James Baillieu and friends luxuriate in French romanticism, the Belcea Quartet turn to Shostakovich, and Lady Macbeth of Mtsensk on iPlayer
  
  

James Baillieu
Pianist James Baillieu. Photograph: Kaupo Kikkas

• Reynaldo Hahn (1874-1947), who moved in the same circles as Marcel Proust, has a reputation of being a louche Frenchman specialising in salon songs. Instead he was born in Caracas, to a German-Jewish father and local Venezuelan mother. The family emigrated to Paris when he was three, remarkable logistically considering he had 11 older siblings. Reynaldo Hahn: Chamber Music & Song (Champs Hill) features the instrumental music, notably the Piano Quintet in F sharp minor (1921) and the late Piano Quartet No 3 in G (1946). With their tonal, romantic mood and luscious melodies, these works might have been written a century earlier. Beautifully played here by the pianist James Baillieu, with Benjamin Baker and Bartosz Woroch (violins), Tim Lowe (cello) and Adam Newman (viola), they’re a pleasurable discovery.

• In their first Shostakovich disc, the Belcea Quartet, with pianist Piotr Anderszewski, have chosen the String Quartet No 3 and Piano Quintet (Alpha Classics). The five-movement Quartet No 3 (1946) in F major starts with an Allegretto of sardonic, neoclassical cheer, but shadows fall and the mood darkens to one of raw unease, well captured in this agile account. The Quintet (1940) dates from soon after Shostakovich’s catastrophic falling-out with the Stalinist regime over his opera Lady Macbeth of Mtsensk. That work’s edgy mood surfaces in the noisy, jazzy outburst in the quintet’s third movement. In a fine performance, Anderszewski and the Belceas give full expression to the work’s melancholy and lyricism.
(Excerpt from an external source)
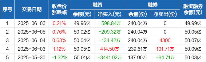 融资方面,当日融资买入3647.95万元,融资偿还4246.79万元,融资净偿还598.84万元,连续3日净偿还累计942.58万元。融券方面,融券卖出0份,融券偿还0份,融券余量240.04万份,融券余额350.94万元。融资融券余额合计49.99亿元。

Watch a trailer for the Belcea Quartet’s Shostakovich disc

• Catch up with Opera on 3: Lady Macbeth of Mtsensk on Radio 3 iPlayer in the brilliant production of Shostakovich’s operatic masterpiece from the Royal Opera House. Eva-Maria Westbroek, soprano, sings Katerina, the bored housewife of the title, with bass John Tomlinson as her repellant father-in-law, Brandon Jovanovich as Sergey and John Daszak as Ismailov, with the chorus of the Royal Opera and a big ensemble cast conducted by Antonio Pappano.